Master Dogen refers to zazen as ‘dropping off body and mind’. Yet body and mind don’t disappear. But they are different, because they’re no longer labouring under the ownership of the self, which is really ownership by a ghost which haunts us. And because that liberation takes place, the body can exist in its power, beauty and expression, because it’s no longer an object within consciousness. 

Central to zazen is the enlivening of the spine. Sitting properly, our pelvis in the right position, our spine becomes energised, and we can express that in a number of different ways. So some people have expressed that enlivenment as being like the body is, as it were, suspended in space from above.

That’s personally, not something which I find resonant. My own inclination is to express it as the body in zazen being like a tremulous young tree. So the roots are going down into the ground and there’s this alive upward movement in response. And sometimes people can feel a sense of incipient energy in it, like a cork in a champagne bottle would feel.

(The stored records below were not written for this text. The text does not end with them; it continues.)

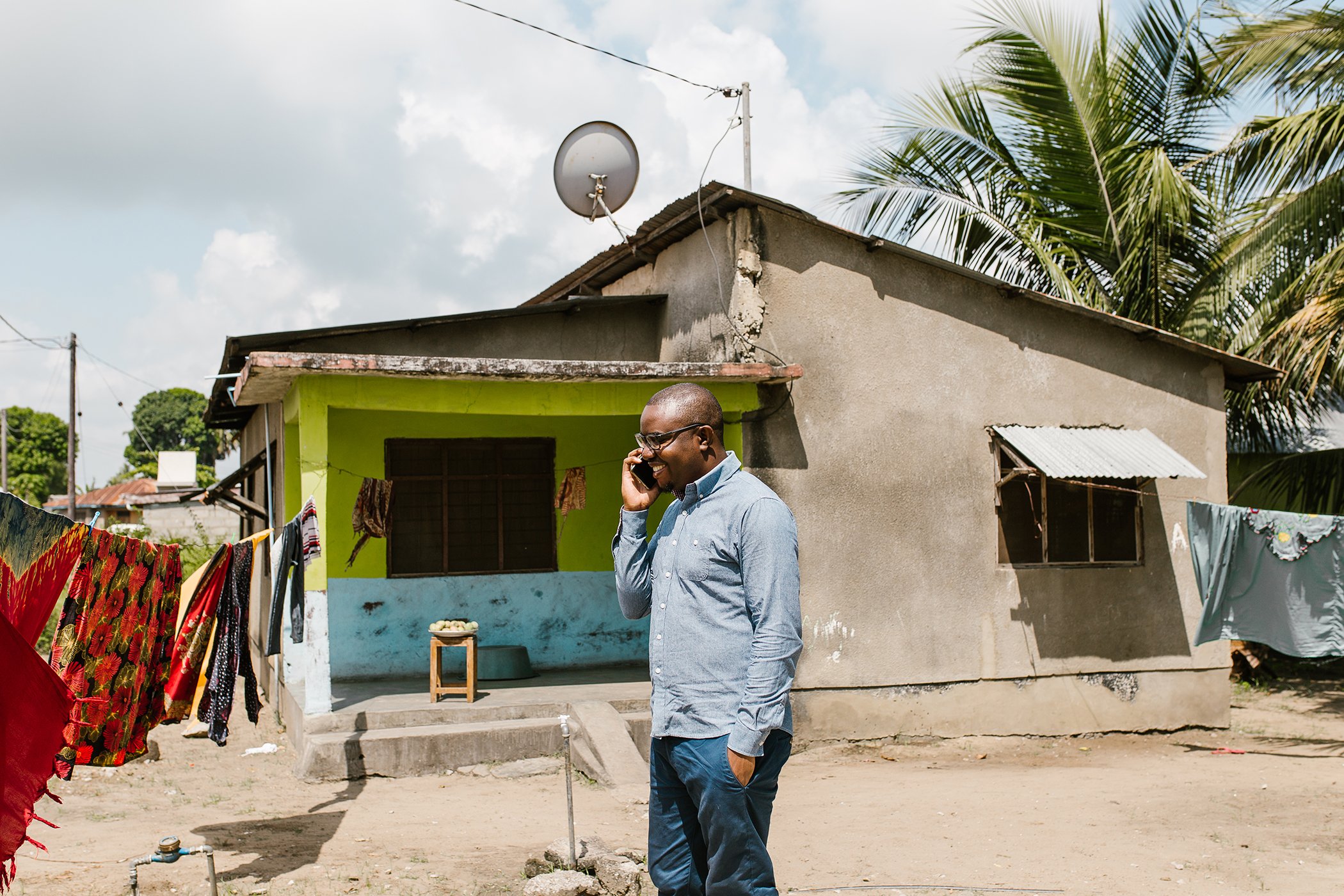 Dr. Joachim Mabula uses his telephone outside of his home in Tanga, Tanzania on Dec. 5, 2020.
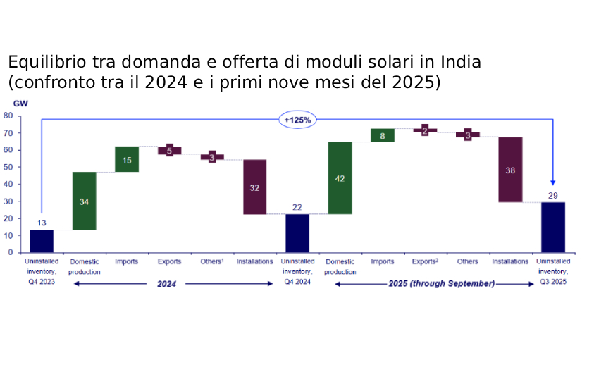 La capacità produttiva di moduli fotovoltaici in India è destinata a raggiungere i 125 GW entro la fine del 2025, superando di oltre tre volte la domanda interna che si attesta a circa 40 GW.
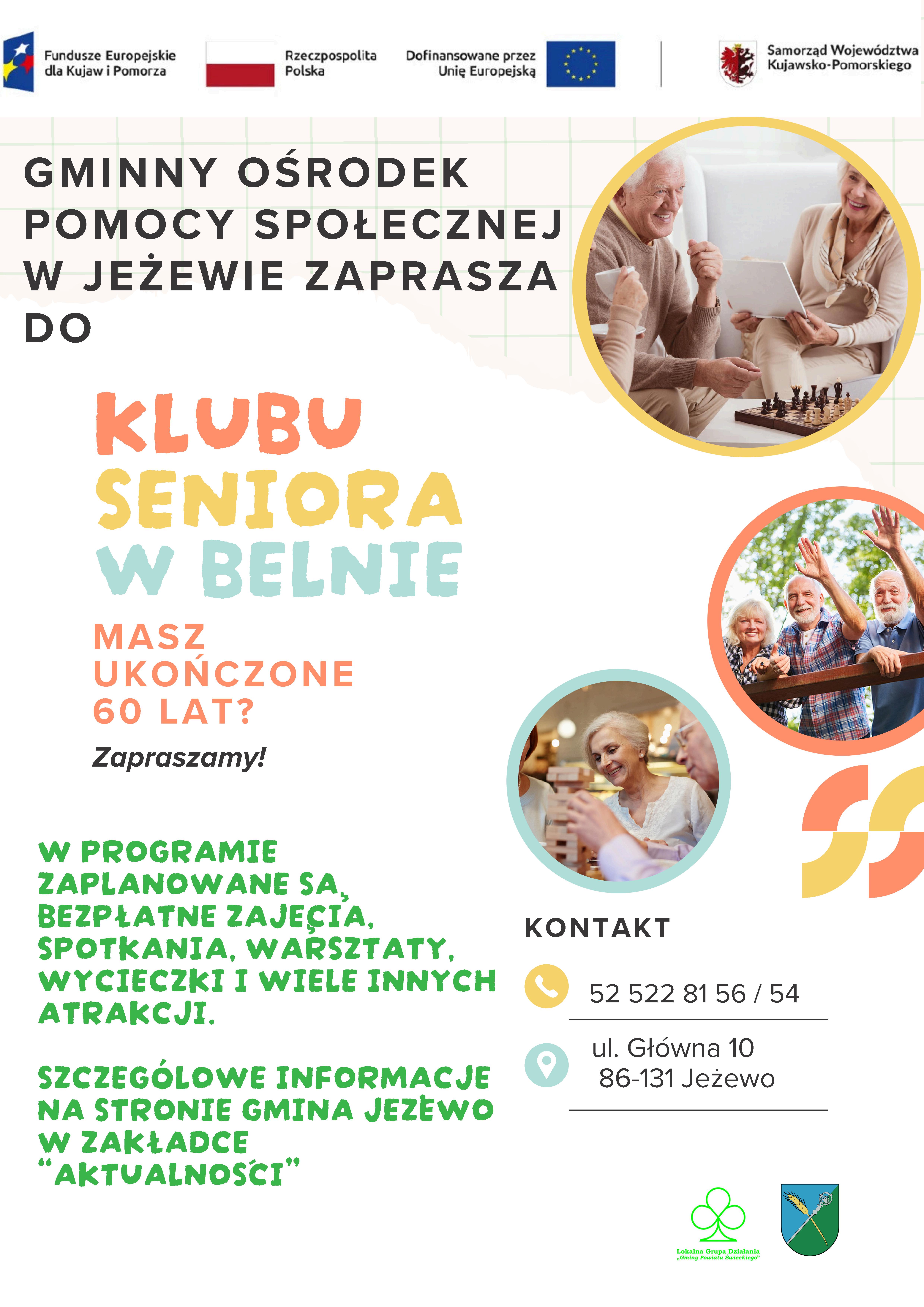 Gminny Ośrodek Pomocy Społecznej w Jeżewie informuje o rekrutacji do klubów w Belnie i Taszewie
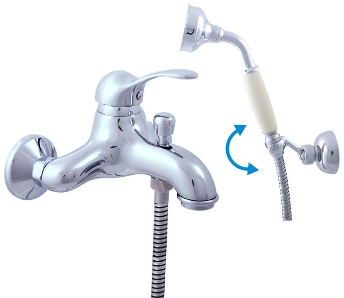 Vodovodná batéria vaňová nástenná so sprchou a otočným držiakom.
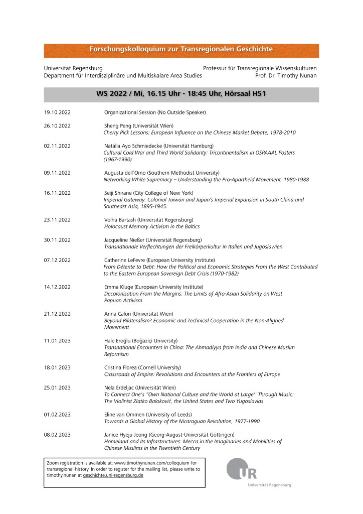 This research colloquium offers students and researchers at the University of Regensburg an opportunity to meet fellow historians and discuss cutting-edge research at the intersection of history and area studies. Each semester, international scholars at varying stages of their career are invited to present their works in progress at the colloquium. Following a presentation from the week’s guest, professors and students have the opportunity to pose questions to that week’s presenter. The research colloquium is open to students, researchers, and the larger public.
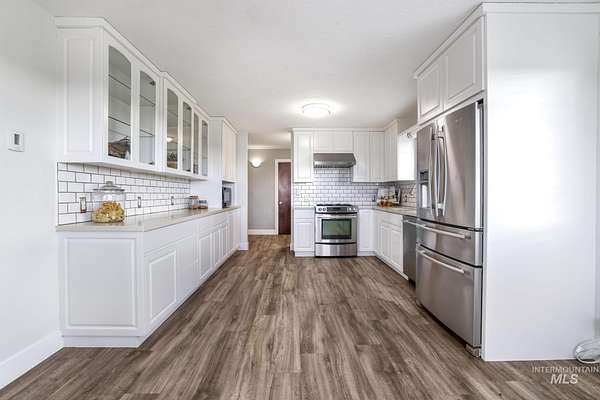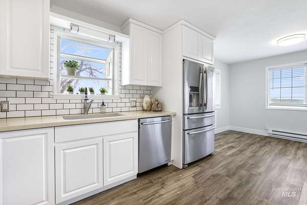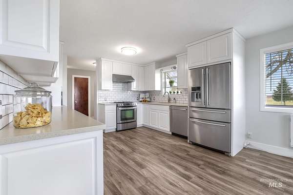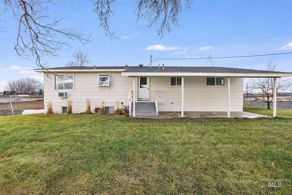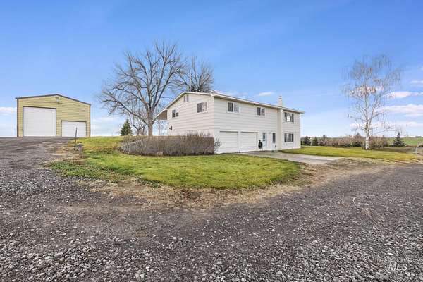 The comforts of country living with the convenience of the city of Gooding just 3 miles to the West. This 4.990 acre parcel features a spacious 2300 sq ft plus home that provides for ground level access to the main floor along with ground level main entry and daylight basement entry. its unique design provides for a 2-car attached garage with access to the daylight basement. Updated flooring, updated kitchen and baths. This property offers a country opportunity with 0ne acre currently in alfalfa with its own wheel line and pressurized main line from the private pond. An extensive manual sprinkler system has been installed to water the yard . Numerous fruit trees are present . Loafing shed and garden area. Two shops top off the list of amenities, one with concrete floors, overhead door, propane heat and home for the solar system that services the home. The solar system is owned. Ingress/egress from the county road is convenient with the improved circular driveway. Ample parking for all your toys, RV's or equipment.
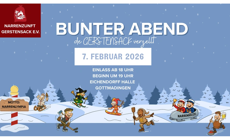 Die Narrenzunft Gerstensack Gottmadingen lädt herzlich ein zum  bunten Abend - de Gerstensack verzellt. Dieses Jahr unter dem Motto Narrenlympia!
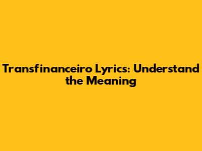 Transfinanceiro Lyrics: Understand The Meaning
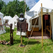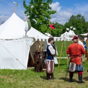 Im Europapark Bayern-Böhmen in Bogen war an diesem Wochenende viel für die Besucher geboten. Neben vielen Lagergruppen, die den Besuchern das damalige Leben nahe brachten, gab es zahlreiche Programmpunkte, wie Feldschlachten, Umzüge, Schaukämpfe, eine große Feuershow uvm. Highlight waren die Vollkontakt Schwertkämpfe mit Schild und Schwert und die Vollkontakt Schwertkämpfe Burhurt (5 gegen 5).

These are all figures of speech to try and describe our actual experience. Choosing a variety of figures of speech makes sense because we are then likely to see these as just being provisional attempts to describe experience. Which leaves us free to find our examples which are equally provisional. So we don’t have to be, as it were, hanging about until we feel that our bodies are hanging in space, we’re free to find our own mode of expression.

So in my case, I would say that I experience my base, my pelvic floor as being like the roots of a tree going into the earth. I experience this area around my heart as uncompressing, lengthening, so my heart is no longer squashed, so it can, as it were, come out into the world. And the back of my head experiences widening. And I also experience a line of force like a needle going up in an imaginary space, not a real [physical] space, an imaginary [yet real] space between the crown chakra and the occipital joint. So not trying to push up the top of the head, which just creates tension, but just this effortless, as it were, needle of energy directing upwards.

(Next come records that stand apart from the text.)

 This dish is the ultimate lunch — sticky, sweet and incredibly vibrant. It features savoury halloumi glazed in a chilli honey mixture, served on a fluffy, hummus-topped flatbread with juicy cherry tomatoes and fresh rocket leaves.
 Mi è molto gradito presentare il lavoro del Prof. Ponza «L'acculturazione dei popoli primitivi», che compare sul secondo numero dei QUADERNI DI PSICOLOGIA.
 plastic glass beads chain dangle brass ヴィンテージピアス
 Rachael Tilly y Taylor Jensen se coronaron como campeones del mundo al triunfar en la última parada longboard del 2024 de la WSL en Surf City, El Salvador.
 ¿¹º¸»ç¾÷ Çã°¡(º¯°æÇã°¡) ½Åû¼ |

This is all my language, not yours. And it’s fair to say as well that the aliveness of the spine is the same as the aliveness of the world. If we experience the spine as enlivened, our body is enlivened, and then we likewise experience the world in the same way. And again, we can think of this in figurative terms, so we could think of, as it were this tree being in the forest of beings, you could think of the alive spine as being like a lighthouse amid the glorious storm of creation. You can think of it in a whole number of ways. We just need to let our heart speak.